Pharrell-timed discussion

I think there is this idea that a seminar is a place for lively discussion and informed debate. In practice, it's not like that. More often, in my experience, it's the seminar leader who does most of the work, and the similarity of the endeavour to drawing blood from a stone varied depending on a multitude of factors: group size, group ability, group demographics, work set, how much other work has been set that week, what time the seminar is, how hot the room is...

Today I had the first proper seminar for my spring morphology module. It started off badly, with only 50% attendance. After getting just 75% to the lecture, this is slightly worrying, so I hope it picks up. Anyway, the group itself is a good one - both seminar groups are filled with bright, keen students. Today I wanted them to discuss a chapter I'd asked them to read. It's an interesting and important discussion of the kind of data we use by the ever insightful Maggie Tallerman, who taught me everything I know about morphology.

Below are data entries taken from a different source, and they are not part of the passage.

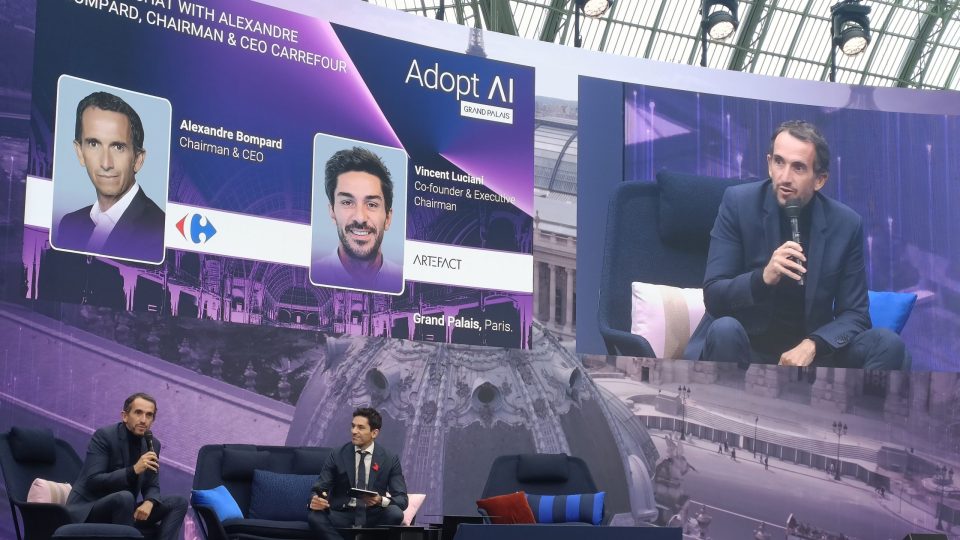 PDG de Carrefour depuis huit ans, après avoir été PDG de Fnac (2011-2017) et d’Europe 1 (2007-2010), Alexandre Bompard était interrogé ce 25 novembre par Vincent Luciani, CEO d’Artefact, à l’origine d’Adopt AI, événement dédié à l’IA organisé au Grand Palais. Il est notamment revenu sur sa vision de l’innovation et le rôle de l’IA au sein d’une entreprise comme Carrefour.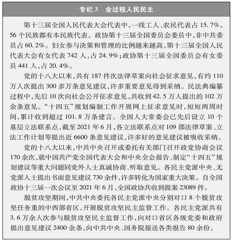 人民享有广泛民主权利。在中国,国家一切权力属于人民。人民依法实行民主选举、民主协商、民主决策、民主管理、民主监督(专栏3)。在中国,年满18周岁、具有中华人民共和国国籍、依法享有政治权利的公民,都有选举权和被选举权。坚持普遍、平等、直接选举和间接选举相结合以及差额选举、无记名投票的原则,依法保障人人享有平等的选举权利。社会主义协商民主广泛多层制度化发展,人民通过各种途径、渠道、方式,就改革发展稳定重大问题,特别是事关人民切身利益的问题广泛协商,找到全社会意愿和要求的最大公约数。党和国家制定实施重大决策,广泛征求和听取各方面意见,最大限度吸纳民意、汇集民智、凝聚民力,努力实现决策科学化民主化。人民广泛、直接参与社会事务管理,实现自我管理、自我服务、自我教育、自我监督。人民依照宪法和法律规定,有权对国家机关和国家工作人员提出批评和建议,有权对国家机关和国家工作人员的违法失职行为提出申诉、控告或者检举。民主选举、民主协商、民主决策、民主管理、民主监督各个环节环环相扣、彼此贯通,实现过程民主和结果民主、形式民主和实质民主、直接民主和间接民主相统一,保障了人民的知情权、参与权、表达权、监督权。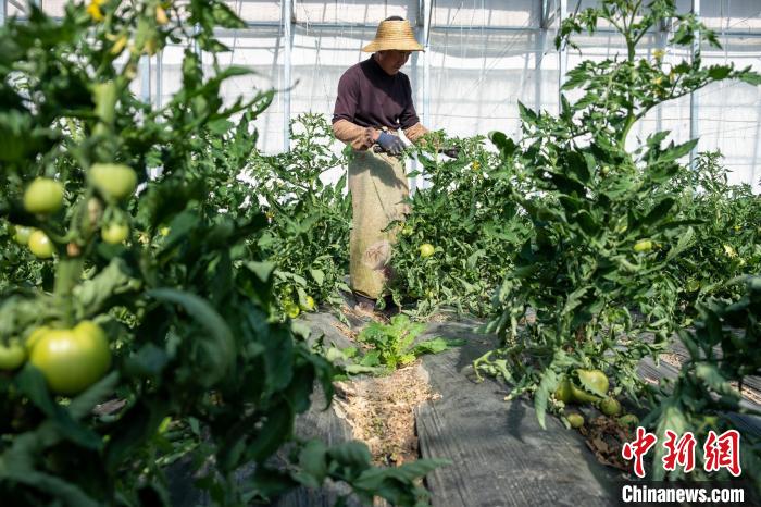 圖為28日,白朗中農圣域農牧科技有限公司工作人員在為大棚番茄授粉。江飛波 攝

I wanted this discussion to be interesting for the students, more so than just doing exercises. I put some discussion questions up on the projector to get them going. I even started them out with an easy exercise to get them in the right frame of mind. Then I split them into groups of 5, not so big that they would fight to be heard, but big enough to generate discussion. Trouble is, with only ten students, that's only two groups, and the room was suddenly silent. Each group could hear the other, and it was too intimidating, and no one said anything.

First, I tried to stimulate conversation by joining each group. That was successful for about three seconds. Then, fantastically, I realised the problem was feeling self-conscious, and put some music on. I had to ask the students the best way to do this, of course, but having been told to YouTube something, I just picked the first song on the 'music' channel, which was Pharrell Williams' 'Happy'. Straight away, discussion was easier because they weren't aware of the other group and me being able to hear everything they said. OK, they were still shy and quiet, but it really did make a difference. They talked till the end of the song (well, with some lulls) and then we discussed the questions in the full group.

In future, all seminar discussions will be accompanied by songs.